Most of my current research focuses on issues of privacy and data confidentiality. To an even greater extent than with other security issues, our scientific understanding of this area lags far behind the need for rigorous defensive strategies. I believe that in order to reason effectively about privacy in software systems, we need ways to characterize and limit adversarial uncertainty and inference. To address this, I am pursuing several threads related to this topic.
Privacy in machine-learning applications: Predictive models generated by machine learning methods are used extensively in modern applications. They allow analysts to refine complex data sources into succinct programs that produce valuable information about underlying trends and patterns. A large body of previous research examines the risks that arise when these data sources contain sensitive or proprietary information, and are leaked either in their original form or after "anonymization". Much less well-understood are the risks that arise when machine learning models trained over these data sources are made available through applications. Although recent frameworks like differential privacy have started to shed light on this issue, it is often unclear how the underlying mathematical guarantees offered by these frameworks impact specific, tangible privacy concerns in real applications. The goal of this work is to develop a precise characterization of this threat, so that we can identify troublesome applications before they are published, as well as understand how to design and apply countermeasures that prevent it.

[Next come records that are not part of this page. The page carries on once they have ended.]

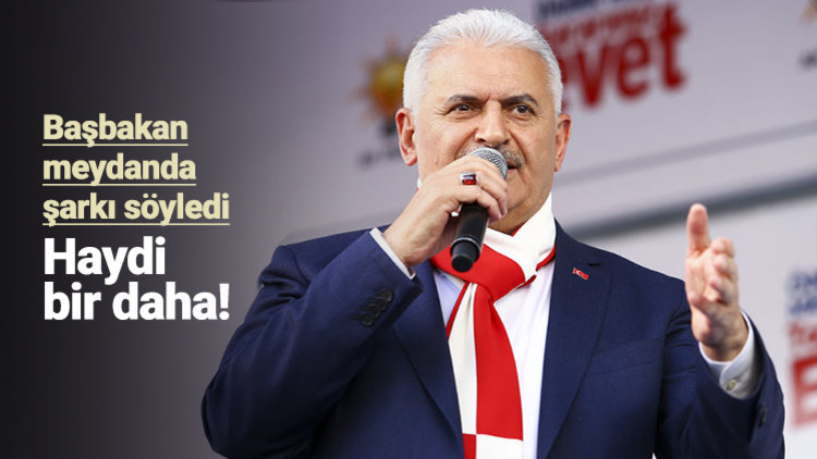 Başbakan Binali Yıldırım, referanduma 9 gün kala çalışmalarına Şırnak'ta devam etti. Toplu açılış töreninde vatandaşlara seslenen Yıldırım, AK Parti'nin seçim şarkısına eşlik etti. İşte Yıldırım'ın sesinden "Haydi Bir Daha"...
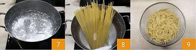 Agora cuide da massa: coloque no fogo uma panela de fundo alto adequada para cozinhar os spaghetti, uma vez que a água estiver fervendo 7, adicione os spaghetti 8. Cozinhe a massa al dente e depois escorra-os 9.
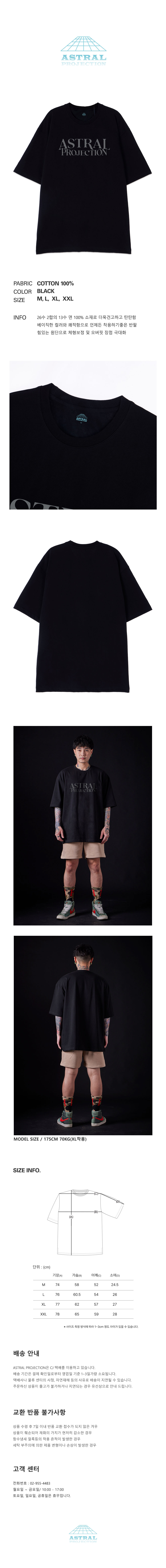 [오버핏]베이직 레터링 13수 면 라운드 넥 반팔 티셔츠_블랙
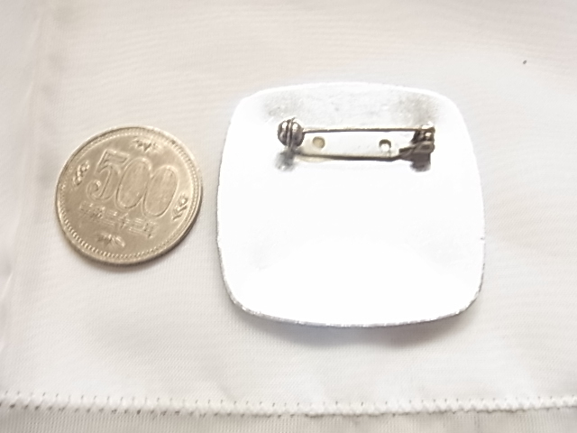 ビンテージ/ヴィンテージ 4.5センチくらいの大きさ 中華系のお花みたいな模様 薄いグリーンベースにお花柄 昭和 モダン ブローチ◎
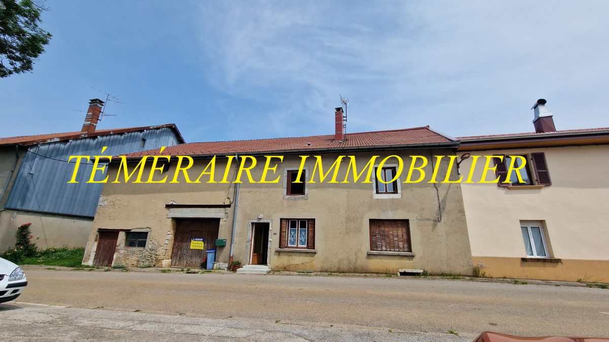 Haut Jura - LES CHALESMES - Ancienne ferme mitoyenne de 146m² hab - Comprenant au rdc : cuisine, séjour, SDE, WC, buanderie, grange de 120 m² ; à l’étage : 3 chs, SDE / WC - Chaudière à granulés avec silo de 2019 - Prévoir travaux intérieurs - Sur 1300m² de terrain + 2ème terrain en face de 590m² - Réf. 5305
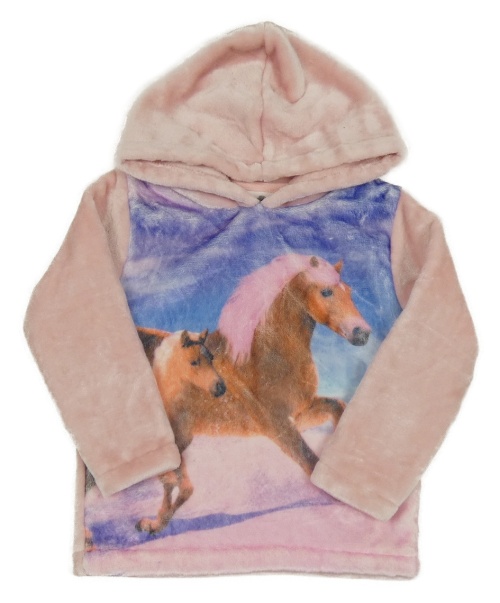 Svetloružová plyšová mikina s koníky a kapucňou Topolino
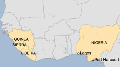Ebola đã lây lan tới Nigeria qua Patrick Sawyer, một người Mỹ gốc Liberia di chuyển tới Lagos trước khi tử vong. Bộ trưởng Bộ y tế onyebuchi Chukwu cho biết rằng một trong những người đã tiếp xúc với Patrick Sawyer đã lẩn trốn khỏi nhóm giám sát Nigeria và di chuyển tới Cảng Harcourt, nơi anh ta tìm kiếm trợ giúp y tế. Theo Bộ trưởng, mặc dù người này sau đó đã hồi phục nhưng bác sĩ điều trị cho anh ta đã tử vong vào hôm thứ Sáu tuần trước và các xét nghiệm cho thấy ông đã mắc Ebola mới chỉ được công bố bởi Bộ trưởng Bộ y tế. Trước đó bác sĩ điều trị cho ông Sawyer cũng đã tử vong.
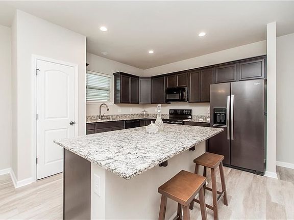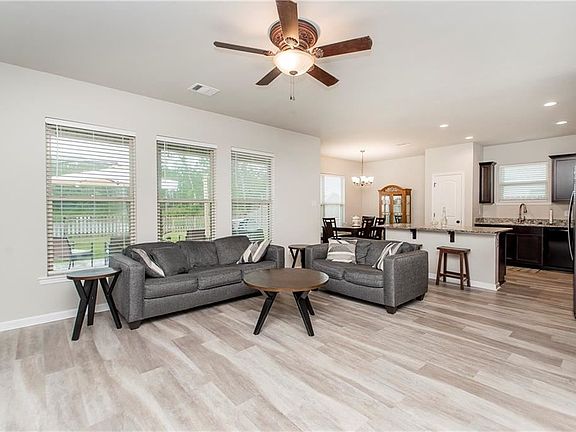 Don't miss out on this like-new 4 bed 2 full bath open and split floorplan. This well maintained home has a bright and clean color scheme with light color paint and gray vinyl plank flooring flowing through the foyer, living, kitchen, and hallways. The kitchen features 3 cm granite countertops with an island. Walk out from the dining area onto the extended patio with a fenced in yard and view of a pond. The primary suite bathroom has a double vanity, walk-in shower, soaking tub, and two walk in closets.
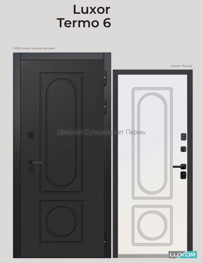 Внешнее покрытие: атмосферостойкое порошково-полимерное «Муар черный», фрезерованная МДФ-панель 12 мм, эмаль черная матовая Внутреннее покрытие: фрезерованная МДФ-панель 10 мм, цвет пленки «Эмалит белый» Толщина дверного полотна/короба: 110 мм / 141 мм Терморазрыв 24 мм: двухкамерный спейсер из ПВХ на коробе и полотне двери Порог из нержавеющей стали Наполнитель: PIR-плита Уплотнитель: 3 контура уплотнителя из вспененной резины (2 на полотне, 1 на коробе) Замки: сувальдные KALE, IV (наивысший) класс взломостойкости, дополнительная защита от высверливания: две пластины из высоколегированной стали с обеих сторон замка; диаметр ригелей: 16 мм. Независимая ночная задвижка Петли: каплевидные 3 шт., Италия Размеры: 860х2050 мм, 960х2050 мм
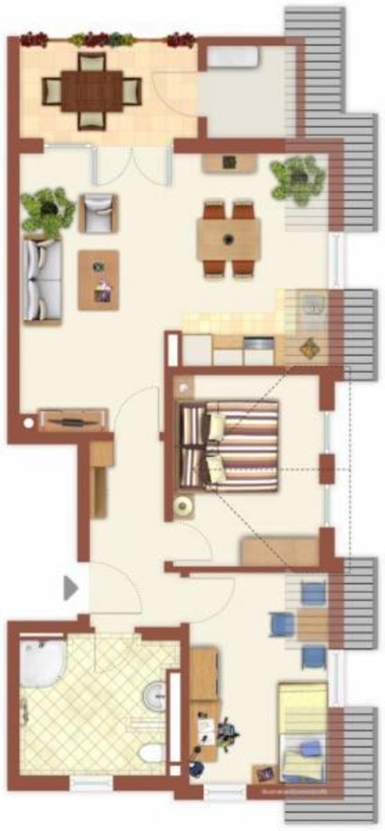 Die geschmackvoll eingerichteten Schlafzimmer bieten Ihnen bequeme Betten und je einen geräumigen Kleiderschrank mit viel Platz für die Urlaubsgarderobe. Das erste Schlafzimmer verfügt über ein Doppelbett, das zweite Schlafzimmer über 2 Einzelbetten.
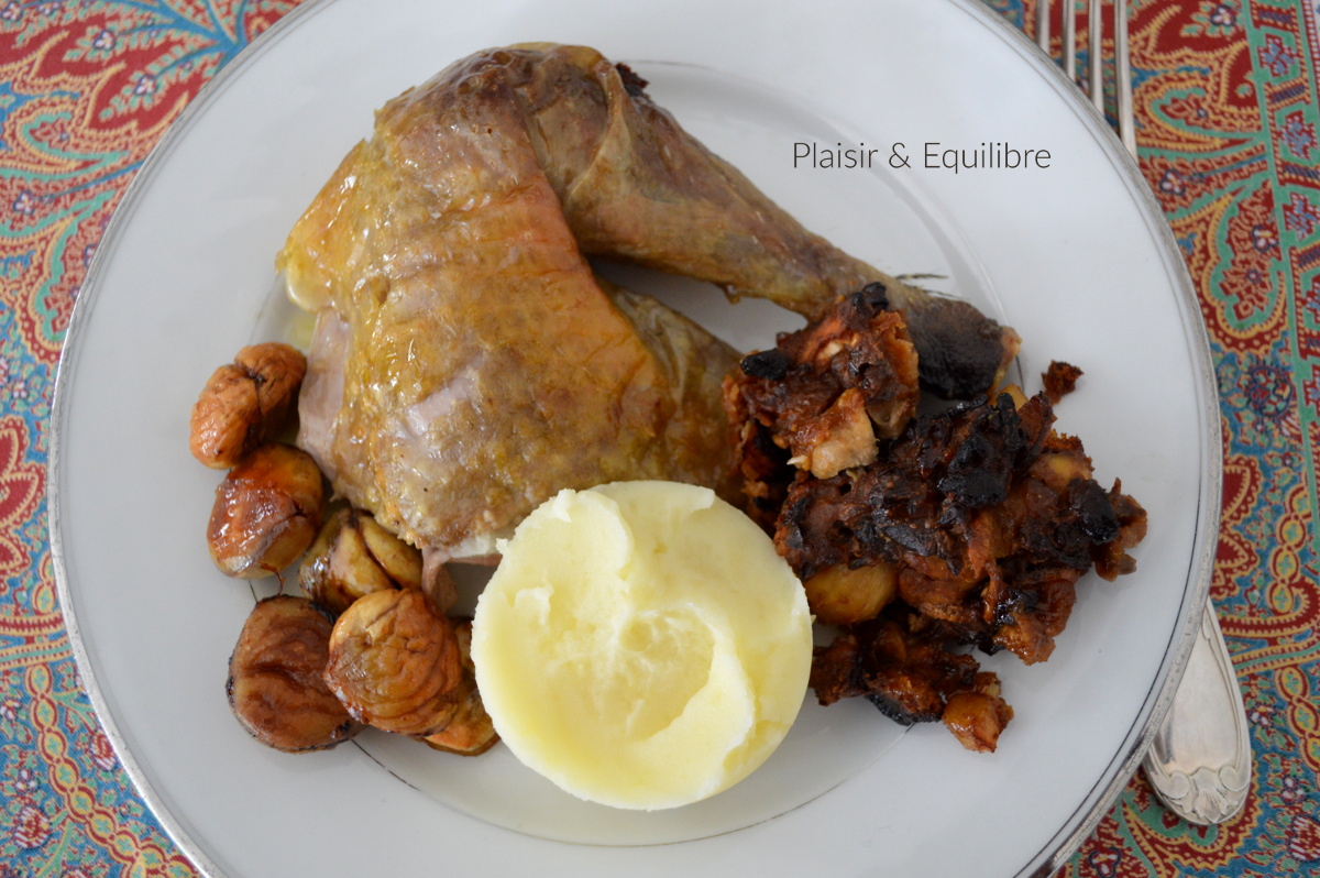 2. Cette farce ne manque pas d’originalité avec ses saveurs de Noël, elle doit apporter beaucoup de parfums à la chair de la pintade. Avec la purée, c’est le régal assuré à n’en pas douter !
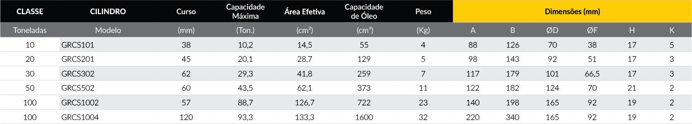 Cilindro Hidráulico de Simples Ação Compacto - Série GRCS
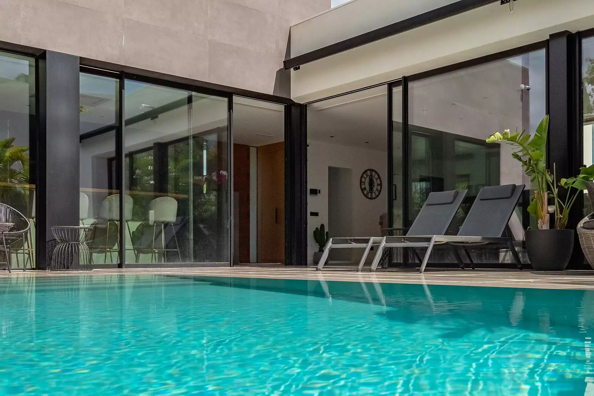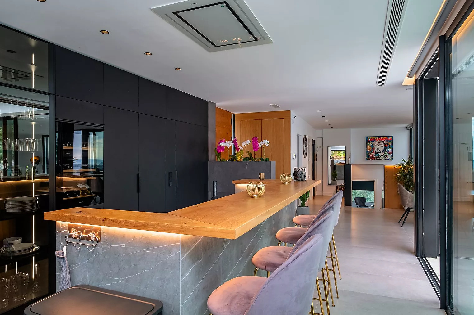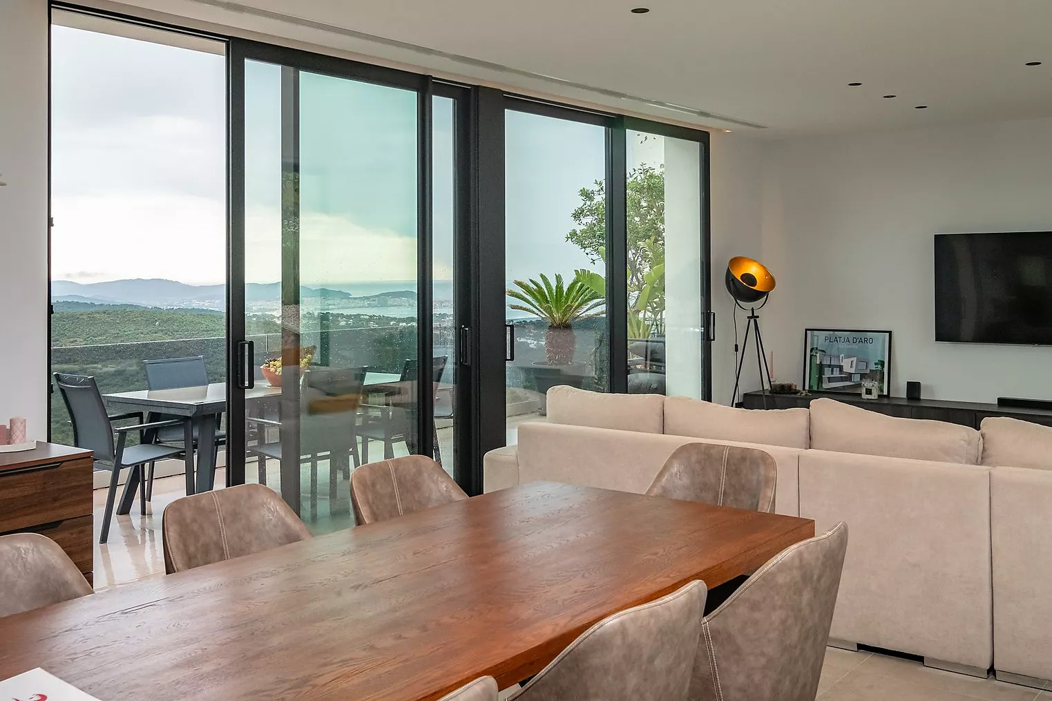 Detached Modern Villa with Superb Sea Views Detached modern villa constructed in 2021 with amazing sea views. This villa is located in a quiet, peaceful residential development just a 5 minute drive to Platja d'Aro. The villa is situated on three floors: the ground floor features a spacious double garage, a movie room, and the elevator. On the first floor there are three double bedrooms (one ensuite), all with superb sea views and a full bathroom. On the second floor is the primary living space with a designer kitchen, open plan living and dining room, with access to the terrace and pool, plus an additional spacious terrace with optional shade. There is also the main ensuite bedroom, an additional bathroom and the laundry room, with direct access to the garden. One floor living with amazing sea views! The terrace around the pool also features space for loungers, BBQ and al fresco dining, a jacuzzi and the pool maintenance room. Underfloor heating and air conditioning throughout the villa, and sun all day on the pool area. This is a very well designed and practical villa, perfect for either full time living or a luxury home from home. Platja d'Aro, located in the heart of the Costa Brava, is one of the most popular resorts in the Mediterranean. Combining a rich historical heritage that dates back as far as the 1st century BC with a modern and dynamic atmosphere. Today this five star beach resort is the most important coastal town in the area. For the best villas for sale in Platja d'Aro contact Costa Brava Fincas.
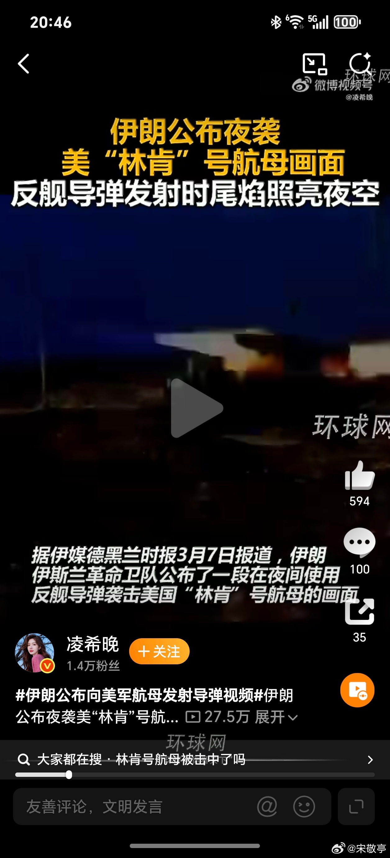 伊朗公布向美军航母发射导弹视频伊朗高调晒出“夜袭林肯号”视频,本质是舆论战。一边伊朗:精准命中,航母连夜后撤千里;一边美军:全程淡定否认,舰载机照常起降。导弹有没有打中不重要,重要的是打破“航母不可侵犯”的神话,威慑拉满,气势先赢一局。
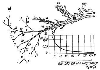 а — схема речной системы; б — зависимость относительной глубины (h/В) от порядка потока (N) и среднего годового расхода (Q0). I-VIII — порядки естественных потоков.
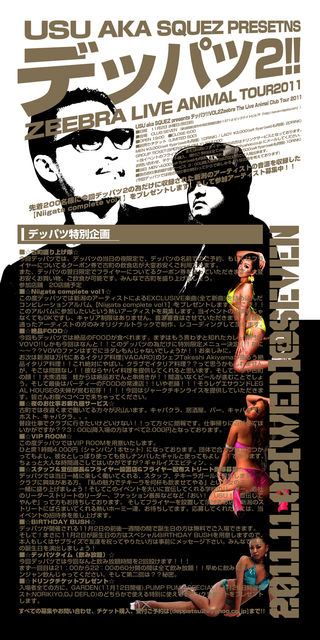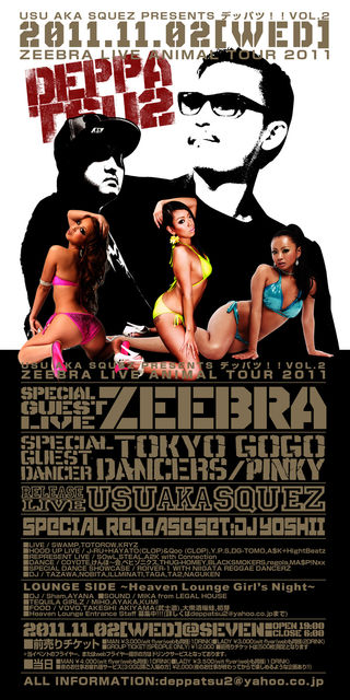 デッパツ!!VOL2 Zeebra The Live Animal Club our 2011 ■開場 CLUB SEVEN ■OPEN 19:00 ■CLOSE 6:00 ■前売りチケット(LIMITED 500) MEN \3.000(wit flyer(webも同様) 1DRINK) LADY \3.000(wit flyer(webも同様) 2DRINK) GROUP TICKET(5PERSONS ONLY) \12.000 *当イベントのフライヤー、またはwebフライヤー提示の方はドリンクサービスとなっております。 ■当日 MEN \4.000(wit flyer(webも同様) 1DRINK) LADY \3.500(wit flyer(webも同様) 1DRINK) ■夜のお仕事お疲れ様サービス 3:00以降入場の方は2.000円でご入場出来ます。 (今回デッ

Support for privacy-aware programming: Increasingly often, applications rely on detailed personal data collected from users---despite growing awareness among users and administrators of the risks involved with disclosing such information. A number of theoretical frameworks have emerged that give precise notions of acceptable disclosure, allowing developers to provide personal data-driven functionality while still placing hard limits on the degree to which confidentiality could be breached. The main appeal of these frameworks is their ability to provide rigorous guarantees, but subtle implementation mistakes often obviate these guarantees in practice. The goal of this work is to develop formal methods and language-based techniques that allow those without domain expertise to write correct, privacy-aware programs. Central to my approach has been developing automated reasoning techniques for logics with counting. These logics allow us to reduce adversarial uncertainty of confidential state to a series of constrained counting problems that are amenable to formal methods. Making effective use of this reduction in large-scale program analysis is ongoing work.
Analysis of probabilistic programs: Probabilistic programming languages allow developers to specify generative models of probabilistic processes, and to condition these models on observed data. The "compiler" performs inference on the model specified in such a program, computing a posterior distribution over its parameters. By separating the task of model specification from inference, these languages make it possible for developers who lack domain expertise to exploit sophisticated statistical techniques in their applications. As such, they are often proposed as a promising approach to bring machine learning "to the masses". However, by forcing developers to write probabilistic assumptions and goals in a precise language with well-defined semantics, they also make it possible to reason formally about the properties embodied by their trained models. The goal of this work is to build analysis techniques that allow developers to make strong guarantees about the results of inference, and how they relate to security and privacy goals in machine learning applications.